* [WORK TO BE COMPLETED]: Could you output the listing that follows exactly, without its images?
** SUPPLIED MATERIAL follows **
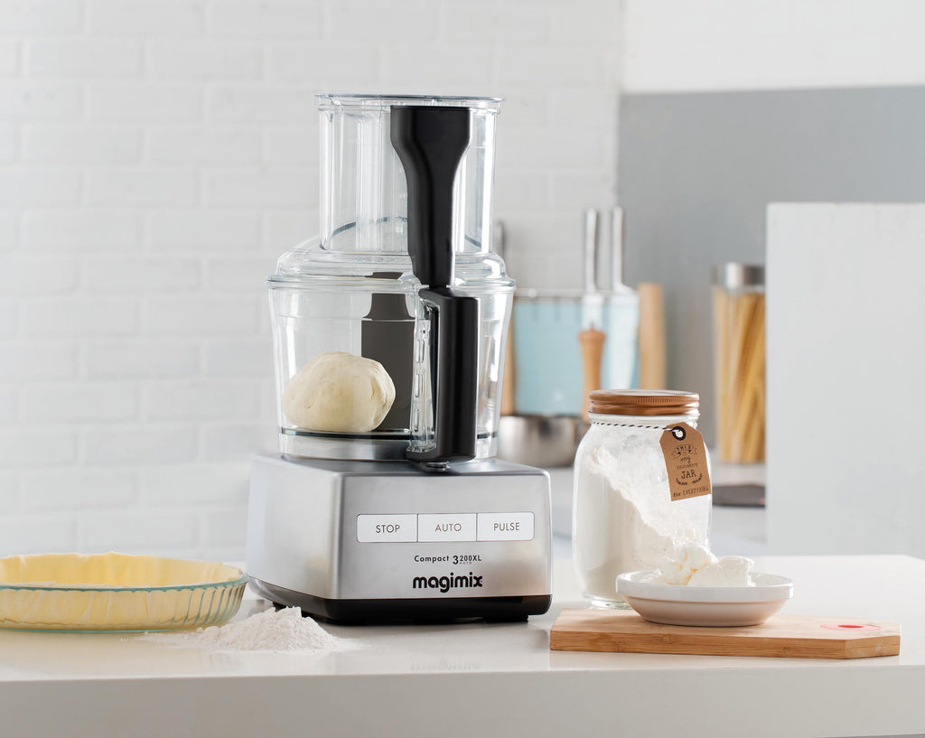 Kein Rezept kann ihm widerstehen! Fachmann für Backwaren und Konditorei!Multifunktional, simpel, professionelle Qualität, langlebig…Die 3200XL ist eine kompakte und leistungsstarke Multifunktions-Küchenmaschine, mit der Sie ganz einfach alltägliche Speisen für die ganze Familie zubereiten können. Reiben, hacken, würfeln, mischen, emulgieren, schlagen, kneten, pressen, extrahieren…. Ausserdem ist die Küchenmaschine ein Experte in Sachen Backen und Konditorei!Bestehend aus 3 ultra-resistenten Schüsseln für alle Ihre Zubereitungen, einem XL-Einfüllschacht zum Einfüllen ganzer Früchte und Gemüse, Präzisionszubehör, Scheiben und Sabatier-Metallmessern.Anzahl Personen: 1-4Kapazität Schüsseln: 2.6 L, 2.2 L, 1.2 LSuppe: 1 LBrotteig: 600 gHefeteig: 500 gMürbeteig: 1 kgKarotten, geriebene Gurke: 800 gFleisch: 750 g5 EiweißInklusive TeigkneterProfi-Motor 650W, die Leistung passt sich automatisch anBereiten Sie ganz einfach alltägliche Mahlzeiten für die ganze Familie zu!Ideal für die Zubereitung von Gerichten für 1 bis 4 Personen. Mit dem Compact System 3200XL können Sie Teig kneten, Eischnee schlagen, Sahne schlagen, Fleisch hacken, Suppen pürieren, Milchshakes zubereiten, Soßen emulgieren, Gemüse hacken und reiben.Die 2,6-Liter-Hauptschale für alle Zubereitungen.Die 2,2-Liter-Midi-Schüssel zum Schneiden und Raspeln von Gemüse.Die Mini-Schüssel von 1,2L für alle kleinen gemischten Zubereitungen.Das 3in1 Schüsselsystem ermöglicht es, viele Gerichte hintereinander zuzubereiten!Der XL-Einfüllschacht ermöglicht es Ihnen, Obst und Gemüse im Ganzen oder in großen Stücken einzufüllen.Alle Zubehörteile sind aus rostfreiem Stahl gefertigt und sorgen für einen perfekten Schnitt.Dank der neuen Hauptschale passen jetzt die Spiral Expert und die Extra Press auf die Küchenmaschine.Alle Magimix Küchenmaschinen werden in Frankreich hergestellt und sind mit ultraleisen Profimotoren mit 30 Jahren Garantie ausgestattet. Auf das Zubehör wird eine Garantie von 3 Jahren gewährt.
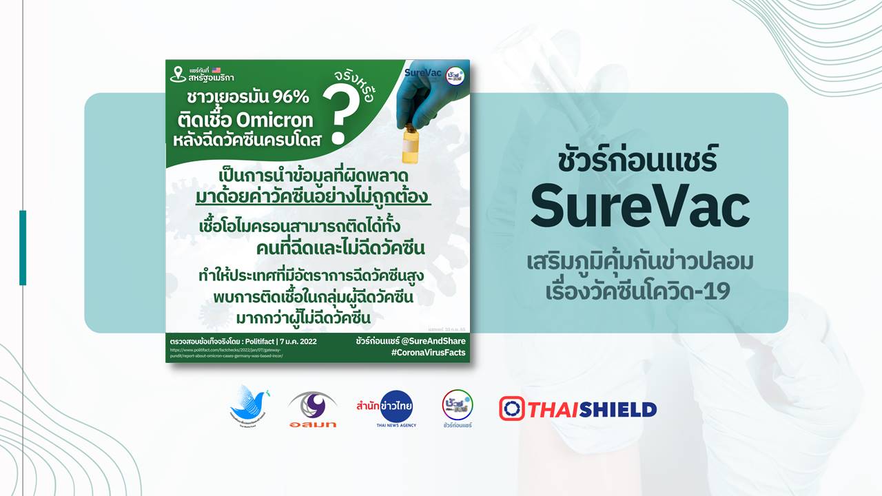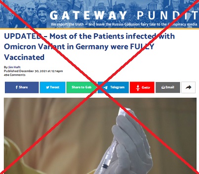 มีข้อมูลเท็จเผยแพร่ทางเว็บไซต์ในสหรัฐอเมริกา โดย Gateway Pundit เว็บไซต์ที่นำเสนอเนื้อหาเชิงอนุรักษ์นิยม อ้างว่ามีชาวเยอรมันที่ฉีดวัคซีนครบโดสถึง 96% ติดเชื้อโควิด 19 สายพันธุ์โอไมครอน ส่วนผู้ที่ไม่ฉีดวัคซีนติดเชื้อโอไมครอนแค่ 4% เท่านั้น
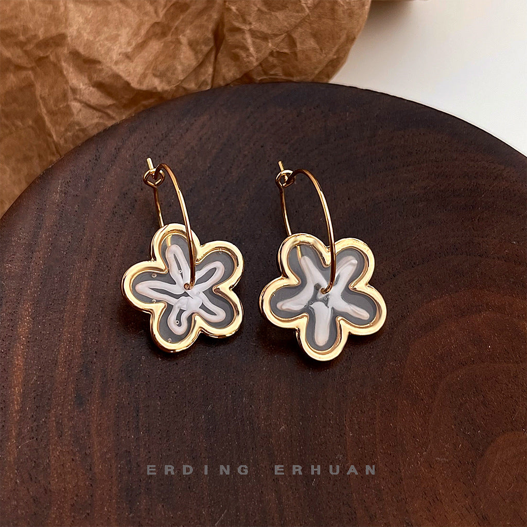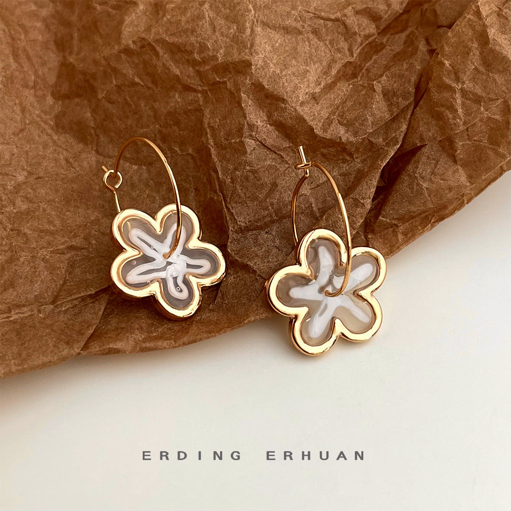 C廠【5172】清新甜美簡約百搭花朵耳環女氣質優雅圓形幾何大耳圈新款耳環 25.02-3
** End of SUPPLIED MATERIAL **
* [ANSWER FOR THE TASK]:
 Kein Rezept kann ihm widerstehen! Fachmann für Backwaren und Konditorei!Multifunktional, simpel, professionelle Qualität, langlebig…Die 3200XL ist eine kompakte und leistungsstarke Multifunktions-Küchenmaschine, mit der Sie ganz einfach alltägliche Speisen für die ganze Familie zubereiten können. Reiben, hacken, würfeln, mischen, emulgieren, schlagen, kneten, pressen, extrahieren…. Ausserdem ist die Küchenmaschine ein Experte in Sachen Backen und Konditorei!Bestehend aus 3 ultra-resistenten Schüsseln für alle Ihre Zubereitungen, einem XL-Einfüllschacht zum Einfüllen ganzer Früchte und Gemüse, Präzisionszubehör, Scheiben und Sabatier-Metallmessern.Anzahl Personen: 1-4Kapazität Schüsseln: 2.6 L, 2.2 L, 1.2 LSuppe: 1 LBrotteig: 600 gHefeteig: 500 gMürbeteig: 1 kgKarotten, geriebene Gurke: 800 gFleisch: 750 g5 EiweißInklusive TeigkneterProfi-Motor 650W, die Leistung passt sich automatisch anBereiten Sie ganz einfach alltägliche Mahlzeiten für die ganze Familie zu!Ideal für die Zubereitung von Gerichten für 1 bis 4 Personen. Mit dem Compact System 3200XL können Sie Teig kneten, Eischnee schlagen, Sahne schlagen, Fleisch hacken, Suppen pürieren, Milchshakes zubereiten, Soßen emulgieren, Gemüse hacken und reiben.Die 2,6-Liter-Hauptschale für alle Zubereitungen.Die 2,2-Liter-Midi-Schüssel zum Schneiden und Raspeln von Gemüse.Die Mini-Schüssel von 1,2L für alle kleinen gemischten Zubereitungen.Das 3in1 Schüsselsystem ermöglicht es, viele Gerichte hintereinander zuzubereiten!Der XL-Einfüllschacht ermöglicht es Ihnen, Obst und Gemüse im Ganzen oder in großen Stücken einzufüllen.Alle Zubehörteile sind aus rostfreiem Stahl gefertigt und sorgen für einen perfekten Schnitt.Dank der neuen Hauptschale passen jetzt die Spiral Expert und die Extra Press auf die Küchenmaschine.Alle Magimix Küchenmaschinen werden in Frankreich hergestellt und sind mit ultraleisen Profimotoren mit 30 Jahren Garantie ausgestattet. Auf das Zubehör wird eine Garantie von 3 Jahren gewährt.
 มีข้อมูลเท็จเผยแพร่ทางเว็บไซต์ในสหรัฐอเมริกา โดย Gateway Pundit เว็บไซต์ที่นำเสนอเนื้อหาเชิงอนุรักษ์นิยม อ้างว่ามีชาวเยอรมันที่ฉีดวัคซีนครบโดสถึง 96% ติดเชื้อโควิด 19 สายพันธุ์โอไมครอน ส่วนผู้ที่ไม่ฉีดวัคซีนติดเชื้อโอไมครอนแค่ 4% เท่านั้น
 C廠【5172】清新甜美簡約百搭花朵耳環女氣質優雅圓形幾何大耳圈新款耳環 25.02-3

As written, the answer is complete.